NEWPORT BEACH -- A local airport group battling to keep the dream

alive for the El Toro Marine Corps Air Station is criticizing the

efforts by Irvine and the Navy to turn the property into a “Great

Park.”

Members of the Airport Working Group, based in Newport Beach, said

a plan unveiled by the South County city and Navy during a Tuesday

press conference “is no picnic” because it substitutes retail shops

and housing for true open space.

“The Great Park bait-and-switch that began with Measure W

continues with this version of the plan,” group member Richard Taylor

said in a statement. “Irvine’s land grab lacks a key component ...

who will pay for the toxic cleanup of the site?”

The group is suing to overturn Measure W, which passed March 5.

The Central Park and Nature Preserve Initiative, as it was known,

rezoned the base, essentially freezing all efforts to build an

airport.

That case has been assigned to a Los Angeles Superior Court judge,

who has set a hearing for September. Attorneys for both sides filed

their arguments with the judge on Tuesday. The Airport Working Group

has also filed suit against the Navy, saying the federal

environmental report on the Great Park misrepresented the project.

If those lawsuits are successful, the deal by the Navy and Irvine

could effectively be scuttled.

Still, as the result of several months of planning, Irvine

officials now say they would allow as much as 3,400 homes and 2.9

million square feet of commercial space to be built at the former

base.

Under the newest plan, the base’s 4,700 acres will be broken up

and sold off to the highest bidder. The base’s 1,000-acre section of

protected wildlife preserve will stay as is, but the remainder of the

base will be sold at auction. The General Services Agency will

oversee the sale over the Internet.

The land can be broken up into as many of six pieces and sold to

either one or multiple buyers.

Irvine Mayor Larry Agran, one of the chief architects of Measure

W, unveiled the plan, saying it “meets all the goals of the city of

Irvine.”

“There will be no airport at El Toro,” Agran said, in a statement.

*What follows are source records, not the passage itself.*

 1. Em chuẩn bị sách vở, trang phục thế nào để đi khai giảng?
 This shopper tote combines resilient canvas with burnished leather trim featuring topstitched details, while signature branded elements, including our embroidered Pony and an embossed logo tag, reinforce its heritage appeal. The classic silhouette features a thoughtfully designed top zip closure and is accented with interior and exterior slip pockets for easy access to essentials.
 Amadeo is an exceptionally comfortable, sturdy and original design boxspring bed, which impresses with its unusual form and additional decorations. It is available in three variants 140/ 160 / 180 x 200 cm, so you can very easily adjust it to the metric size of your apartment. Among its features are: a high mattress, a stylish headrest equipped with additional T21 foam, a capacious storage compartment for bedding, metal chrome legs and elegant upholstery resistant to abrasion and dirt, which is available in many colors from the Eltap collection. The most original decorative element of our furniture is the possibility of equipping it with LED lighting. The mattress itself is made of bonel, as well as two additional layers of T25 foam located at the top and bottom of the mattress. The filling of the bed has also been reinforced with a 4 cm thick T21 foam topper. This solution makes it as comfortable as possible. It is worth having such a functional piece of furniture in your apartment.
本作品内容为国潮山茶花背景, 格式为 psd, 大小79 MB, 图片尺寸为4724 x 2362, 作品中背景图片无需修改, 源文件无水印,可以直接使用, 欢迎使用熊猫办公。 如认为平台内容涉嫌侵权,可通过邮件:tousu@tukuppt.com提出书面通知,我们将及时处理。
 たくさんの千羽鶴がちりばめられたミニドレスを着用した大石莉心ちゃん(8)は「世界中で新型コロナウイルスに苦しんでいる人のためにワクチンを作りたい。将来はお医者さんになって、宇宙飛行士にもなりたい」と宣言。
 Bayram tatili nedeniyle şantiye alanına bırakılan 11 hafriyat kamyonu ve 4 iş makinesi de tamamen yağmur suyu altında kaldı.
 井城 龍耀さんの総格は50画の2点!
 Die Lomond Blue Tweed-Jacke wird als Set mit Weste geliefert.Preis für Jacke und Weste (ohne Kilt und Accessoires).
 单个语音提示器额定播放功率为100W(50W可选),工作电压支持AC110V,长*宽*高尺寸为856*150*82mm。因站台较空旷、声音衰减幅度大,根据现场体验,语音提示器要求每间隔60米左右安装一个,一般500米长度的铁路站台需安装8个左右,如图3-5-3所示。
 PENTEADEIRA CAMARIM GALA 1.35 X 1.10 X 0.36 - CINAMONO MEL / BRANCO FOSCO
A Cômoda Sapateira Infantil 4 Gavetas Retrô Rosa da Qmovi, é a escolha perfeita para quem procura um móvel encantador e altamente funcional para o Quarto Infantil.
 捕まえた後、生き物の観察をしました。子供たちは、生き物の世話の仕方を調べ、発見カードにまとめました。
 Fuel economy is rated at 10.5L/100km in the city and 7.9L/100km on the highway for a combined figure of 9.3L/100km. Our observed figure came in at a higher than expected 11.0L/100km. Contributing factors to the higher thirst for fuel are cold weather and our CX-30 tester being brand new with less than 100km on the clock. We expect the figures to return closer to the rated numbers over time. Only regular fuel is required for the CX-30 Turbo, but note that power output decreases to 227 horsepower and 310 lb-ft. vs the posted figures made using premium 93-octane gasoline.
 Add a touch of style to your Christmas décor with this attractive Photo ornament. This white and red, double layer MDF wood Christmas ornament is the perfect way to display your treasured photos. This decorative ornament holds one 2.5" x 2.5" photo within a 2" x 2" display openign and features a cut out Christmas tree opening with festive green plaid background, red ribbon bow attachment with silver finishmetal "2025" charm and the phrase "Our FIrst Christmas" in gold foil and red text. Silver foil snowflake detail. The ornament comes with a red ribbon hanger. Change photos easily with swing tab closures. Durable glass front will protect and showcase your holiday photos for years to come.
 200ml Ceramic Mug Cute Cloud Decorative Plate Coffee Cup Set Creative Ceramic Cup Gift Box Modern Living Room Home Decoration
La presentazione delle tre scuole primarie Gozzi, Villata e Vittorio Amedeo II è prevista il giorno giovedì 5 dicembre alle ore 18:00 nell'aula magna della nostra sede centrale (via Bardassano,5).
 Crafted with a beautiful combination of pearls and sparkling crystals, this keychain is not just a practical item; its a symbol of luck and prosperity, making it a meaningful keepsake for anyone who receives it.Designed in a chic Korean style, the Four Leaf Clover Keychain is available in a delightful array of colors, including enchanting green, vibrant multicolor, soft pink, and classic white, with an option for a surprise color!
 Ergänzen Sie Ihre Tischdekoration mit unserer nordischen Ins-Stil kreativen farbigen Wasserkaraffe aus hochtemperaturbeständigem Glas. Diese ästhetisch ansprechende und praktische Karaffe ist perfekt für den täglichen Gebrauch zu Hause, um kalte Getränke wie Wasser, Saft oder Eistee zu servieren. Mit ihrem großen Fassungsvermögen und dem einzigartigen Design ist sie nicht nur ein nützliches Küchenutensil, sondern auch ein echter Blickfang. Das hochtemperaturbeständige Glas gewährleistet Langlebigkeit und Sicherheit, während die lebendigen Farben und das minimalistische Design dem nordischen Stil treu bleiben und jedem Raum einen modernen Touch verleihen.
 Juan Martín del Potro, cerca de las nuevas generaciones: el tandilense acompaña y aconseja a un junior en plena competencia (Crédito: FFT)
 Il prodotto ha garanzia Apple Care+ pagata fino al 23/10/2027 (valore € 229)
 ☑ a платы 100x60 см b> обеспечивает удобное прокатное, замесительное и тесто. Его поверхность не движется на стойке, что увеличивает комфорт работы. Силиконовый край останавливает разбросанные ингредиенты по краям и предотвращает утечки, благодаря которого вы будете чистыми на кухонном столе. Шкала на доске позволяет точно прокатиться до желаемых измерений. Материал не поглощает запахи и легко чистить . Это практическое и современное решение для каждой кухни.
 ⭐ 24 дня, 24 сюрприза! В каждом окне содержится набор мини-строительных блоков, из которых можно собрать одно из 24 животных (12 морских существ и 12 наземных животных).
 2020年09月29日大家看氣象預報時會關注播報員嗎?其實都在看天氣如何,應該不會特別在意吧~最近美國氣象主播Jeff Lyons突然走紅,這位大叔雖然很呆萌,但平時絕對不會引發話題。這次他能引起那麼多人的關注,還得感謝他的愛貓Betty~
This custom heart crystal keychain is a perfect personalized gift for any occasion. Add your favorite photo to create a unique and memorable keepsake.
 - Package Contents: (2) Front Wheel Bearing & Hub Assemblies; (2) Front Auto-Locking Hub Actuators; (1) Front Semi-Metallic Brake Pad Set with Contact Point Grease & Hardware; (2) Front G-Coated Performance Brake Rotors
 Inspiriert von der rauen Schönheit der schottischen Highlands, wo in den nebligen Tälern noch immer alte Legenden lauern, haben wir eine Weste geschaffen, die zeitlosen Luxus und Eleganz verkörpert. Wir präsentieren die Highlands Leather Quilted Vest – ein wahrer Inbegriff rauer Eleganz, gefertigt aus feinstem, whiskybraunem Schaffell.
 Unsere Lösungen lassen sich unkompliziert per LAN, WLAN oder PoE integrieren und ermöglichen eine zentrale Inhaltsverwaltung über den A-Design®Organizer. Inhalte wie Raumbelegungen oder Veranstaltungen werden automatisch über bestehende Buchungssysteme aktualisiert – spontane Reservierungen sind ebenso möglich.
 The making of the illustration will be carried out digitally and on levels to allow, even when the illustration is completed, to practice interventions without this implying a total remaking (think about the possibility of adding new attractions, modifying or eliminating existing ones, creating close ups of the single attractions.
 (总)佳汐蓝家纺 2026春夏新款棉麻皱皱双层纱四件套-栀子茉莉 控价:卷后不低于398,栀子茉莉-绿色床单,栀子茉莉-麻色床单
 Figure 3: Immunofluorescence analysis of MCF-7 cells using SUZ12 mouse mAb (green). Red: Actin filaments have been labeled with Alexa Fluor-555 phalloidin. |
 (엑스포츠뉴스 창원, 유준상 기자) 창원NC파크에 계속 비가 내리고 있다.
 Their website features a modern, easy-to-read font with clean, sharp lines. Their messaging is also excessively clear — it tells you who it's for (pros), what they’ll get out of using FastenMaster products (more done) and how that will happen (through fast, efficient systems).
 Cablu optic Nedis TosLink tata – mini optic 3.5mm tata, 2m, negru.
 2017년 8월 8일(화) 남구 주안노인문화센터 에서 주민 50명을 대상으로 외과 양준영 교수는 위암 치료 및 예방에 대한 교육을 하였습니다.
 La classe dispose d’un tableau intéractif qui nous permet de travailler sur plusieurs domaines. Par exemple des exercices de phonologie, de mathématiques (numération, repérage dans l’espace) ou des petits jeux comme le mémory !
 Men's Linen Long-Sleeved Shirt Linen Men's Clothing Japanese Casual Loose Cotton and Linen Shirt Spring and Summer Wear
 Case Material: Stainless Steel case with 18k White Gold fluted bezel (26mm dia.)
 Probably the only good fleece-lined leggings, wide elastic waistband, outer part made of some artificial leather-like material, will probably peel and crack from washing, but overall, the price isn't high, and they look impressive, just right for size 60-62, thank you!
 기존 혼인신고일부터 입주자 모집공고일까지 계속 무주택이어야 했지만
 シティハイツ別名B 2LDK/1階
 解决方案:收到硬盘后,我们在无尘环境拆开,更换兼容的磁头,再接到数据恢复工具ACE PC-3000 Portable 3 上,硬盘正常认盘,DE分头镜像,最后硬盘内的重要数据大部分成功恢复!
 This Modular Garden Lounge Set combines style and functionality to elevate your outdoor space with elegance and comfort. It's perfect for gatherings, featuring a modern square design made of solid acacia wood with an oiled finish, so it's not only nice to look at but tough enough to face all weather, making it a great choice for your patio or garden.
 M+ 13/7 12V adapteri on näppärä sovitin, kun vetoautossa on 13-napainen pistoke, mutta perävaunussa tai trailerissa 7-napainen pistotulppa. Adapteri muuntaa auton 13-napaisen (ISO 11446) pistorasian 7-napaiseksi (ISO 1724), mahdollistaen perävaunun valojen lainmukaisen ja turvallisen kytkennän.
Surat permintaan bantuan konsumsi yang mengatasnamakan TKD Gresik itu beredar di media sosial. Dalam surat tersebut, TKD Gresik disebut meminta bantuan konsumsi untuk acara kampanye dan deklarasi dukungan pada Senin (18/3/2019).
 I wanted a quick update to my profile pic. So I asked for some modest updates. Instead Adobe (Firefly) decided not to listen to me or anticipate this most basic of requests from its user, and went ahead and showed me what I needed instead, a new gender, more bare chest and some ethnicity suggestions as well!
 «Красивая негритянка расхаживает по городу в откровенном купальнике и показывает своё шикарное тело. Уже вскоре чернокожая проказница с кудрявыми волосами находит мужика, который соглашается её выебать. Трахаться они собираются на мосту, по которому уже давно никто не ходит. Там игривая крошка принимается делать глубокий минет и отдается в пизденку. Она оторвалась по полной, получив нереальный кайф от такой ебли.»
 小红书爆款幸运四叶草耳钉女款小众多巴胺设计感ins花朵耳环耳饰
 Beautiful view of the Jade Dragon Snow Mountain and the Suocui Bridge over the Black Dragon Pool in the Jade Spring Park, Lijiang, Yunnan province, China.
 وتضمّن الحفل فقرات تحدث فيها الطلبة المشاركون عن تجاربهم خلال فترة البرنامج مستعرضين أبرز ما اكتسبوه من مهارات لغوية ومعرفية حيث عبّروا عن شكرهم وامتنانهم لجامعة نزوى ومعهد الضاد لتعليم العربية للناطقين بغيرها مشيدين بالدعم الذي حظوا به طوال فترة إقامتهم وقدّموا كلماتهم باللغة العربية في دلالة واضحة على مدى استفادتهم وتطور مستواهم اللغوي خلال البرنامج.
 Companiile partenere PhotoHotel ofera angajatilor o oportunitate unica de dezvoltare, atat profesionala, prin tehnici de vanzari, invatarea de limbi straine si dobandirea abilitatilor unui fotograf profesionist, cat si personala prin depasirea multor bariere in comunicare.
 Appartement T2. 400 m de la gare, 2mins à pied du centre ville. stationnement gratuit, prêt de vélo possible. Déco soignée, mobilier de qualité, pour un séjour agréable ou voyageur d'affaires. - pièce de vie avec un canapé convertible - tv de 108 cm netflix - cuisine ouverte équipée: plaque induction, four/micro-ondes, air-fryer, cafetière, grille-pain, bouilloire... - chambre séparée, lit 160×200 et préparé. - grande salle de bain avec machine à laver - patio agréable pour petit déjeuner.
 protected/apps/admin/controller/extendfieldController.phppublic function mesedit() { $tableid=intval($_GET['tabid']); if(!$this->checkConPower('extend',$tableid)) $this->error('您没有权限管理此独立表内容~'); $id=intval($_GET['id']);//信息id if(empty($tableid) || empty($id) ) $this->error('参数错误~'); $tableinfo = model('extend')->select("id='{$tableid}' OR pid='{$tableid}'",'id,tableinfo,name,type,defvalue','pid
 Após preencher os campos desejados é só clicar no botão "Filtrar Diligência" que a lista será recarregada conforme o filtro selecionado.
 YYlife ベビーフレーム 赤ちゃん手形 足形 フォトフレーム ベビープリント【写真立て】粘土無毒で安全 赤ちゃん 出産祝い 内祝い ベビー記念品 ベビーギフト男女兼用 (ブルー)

“And, yes, just as we promised, we will create one of America’s

greatest metropolitan parks right here in the center of Orange

County.”

In a statement responding to the new plan, Airport Working Group

members said they applied “the picnic test” to each proposed section

of the park plan.

“Can your family hold a picnic at the site?” the release asked

rhetorically.

Not at the 194 acres set aside as “drainage/wildlife corridor,”

the release said jokingly, unless “you are an NRA member and want to

hunt the wildlife in violation of Irvine’s gun ordinance.”

* PAUL CLINTON covers the environment and politics. He may be

reached at (949) 764-4330 or by e-mail at [email protected].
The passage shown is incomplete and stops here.